First, there was Andy. A veteran climber, who along with his climbing partner Julio, not only cared for me after my fall, but also stayed with me and kept me warm and hydrated while we waited hours for the rescue team to reach us. They built me a platform to sit on, wrapped me in space blankets and kept evaluating me for shock. They had their entire day delayed and delayed, yet they not only stayed with me, they kept my spirits up during some of the worst hours of my life.
My climbing team – Dalen, Patrick and Mark – made the initial 9-1-1 calls and helped start the rescue process. They also talked with my wife and gave her instructions on where to come and meet me when I finally got down the mountain. My wife Karen, by the way, was a rock during this entire ordeal.
During the wait for rescue, there were at least seven individuals who stopped by to offer help and support. “Do you need water, food, hand warmers…” they would ask.
One woman whose name I didn’t get handed me a ground pad so I could sit up above the snow for greater comfort and to minimize the risk of hypothermia.
“I won’t be able to get this back to you,” I said. “No worries,” she said and then headed downslope.
Not long after, a young man who was skiing down toward Timberline Lodge stopped in front of us, pulled a down jacket out of his pack and handed it to me.
“I can’t take this, you might need it,” I said. “Naw,” he replied, “you need it more. I can always get another one.”
And then he was off down the mountain as well. Later I would see that the jacket he gave me was a genuinely nice item of clothing that probably cost $400 new.
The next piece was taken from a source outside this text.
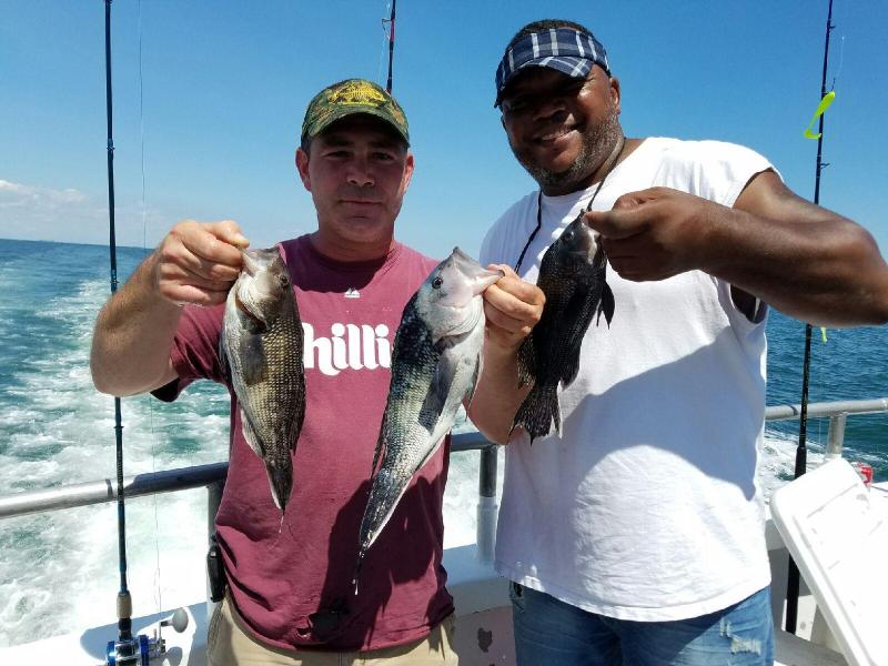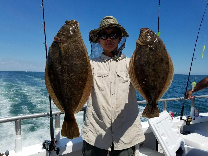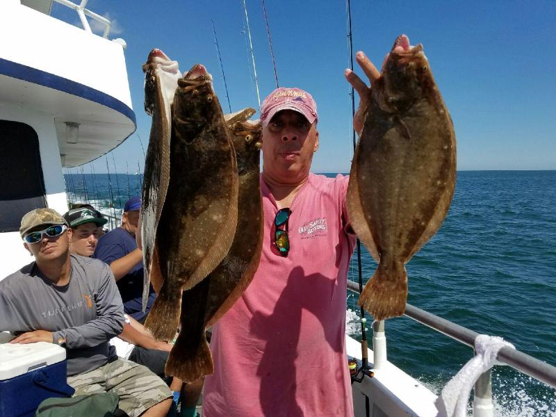 8-7-16 Another quality day out there with a great bunch of people....Fishing was pretty slow to start for us..did not find much life ealry on...Ripping north current and breeze seemed to slow the bite down for us inshore..We had to hunt around a bit to find some fish which we did..we found it out deeper and while not great fishing,,,some of the guys had some nice keeper flukes and some really nice sea bass to go home with..High hook had 4 keeper fluke and some had both fluke and sea bass..Hard to get everyone fish,,not everyone did but I was happy for that were on the top of there game or just lucky what ever you want to call it...Fast Eddie took home a large daily pool worth 1,015 bucks!!!!!Nice job Eddie...I think he had a couple of nice keepers and a few nice sea bass....Check out some pics....the seasonal pool is now worth close to 3400 bucks and growing everyday....Come on down..cant catch em on land!!!See ya tomorrow for coffee!!

Then the Hood River Crag Rats came over the horizon. This all-volunteer team of mountain rescuers – the oldest mountain Search & Rescue organization in the U.S. – started arriving and devising a rescue plan with military precision. Within minutes they assembled a sled and loaded me into a special type of inflatable sleeping bag to aid in my comfort. Before my pain-addled brain could comprehend what was happening, I was being whisked downhill with one skier in front, one in the back and a pack of rescuers on the flanks of the sled. Every single one of these volunteers had to ascend 2,000 feet up Mt. Hood for hours to reach me and affect a rescue.
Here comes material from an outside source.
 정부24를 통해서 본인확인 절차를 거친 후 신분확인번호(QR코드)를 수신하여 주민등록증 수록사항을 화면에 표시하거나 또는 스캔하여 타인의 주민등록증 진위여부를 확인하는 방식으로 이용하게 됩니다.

In fact, after I was loaded into the waiting ambulance in the Timberline Lodge parking lot, I looked over to my left and saw that one of the Crag Rats was attending to me. His “real” job is a paramedic, yet he had to start his day with a grueling trudge up Oregon’s highest mountain to help me!
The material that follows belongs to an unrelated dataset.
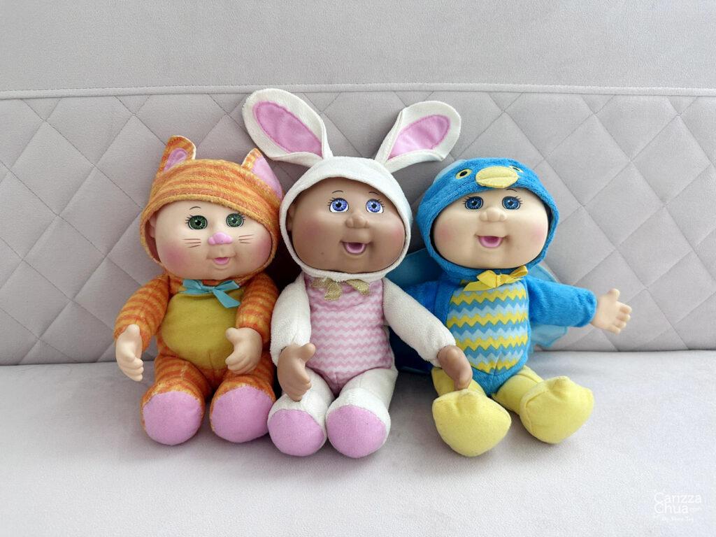 Meet the kiddos: Cabbage Patch Kids Cuties Collection Farm Friends, Kallie The Kitty Baby Doll (2016), Phoebe Bunny (2019), and Forest Friend, Archer Owl (2017).

By the time we arrived at Oregon Health and Science University Hospital, it became readily apparent my fall had done a rather good job on my 50-something body. And even though I was in pain and starting to feel sorry for myself, I felt immense gratitude for the care I was receiving.
I know most people have had occasion to visit an emergency room in their lives, but I’m sure a smaller number have gone to a Level 1 trauma center. Believe me, there is a difference.
The efficiency of the care is amazing. It was like a conveyor belt of analysis, CAT scan imaging, X-rays and treatment. But more than that, it was the kind and gentle professionalism that struck me most.
These doctors and nurses see so much pain and suffering, often because of violence, but the kindness and humor that they showed me and my wife was truly amazing.
With the final diagnosis of fractures to my wrist, two ribs and ankle, along with some bruising and superficial abrasions, the decision was conveyed to me that we could leave that night and begin recuperating at home.
As a young nurse started helping me with final preparations to leave, she confided in me that she wanted to see how I was doing because she heard about the cause of my injuries and that she is a climber herself. In fact, she had just successfully summited Mt. Hood the day before I did.
When I told her about the amazing help and kindness I received, she told me she wasn’t too surprised. “We mountain climbers tend to look out for one another.”
And so it was that we left Portland and headed for home. I was battered, bruised, and hurting, but I was also buoyed by human kindness and the knowledge that when the chips are down, we help one another.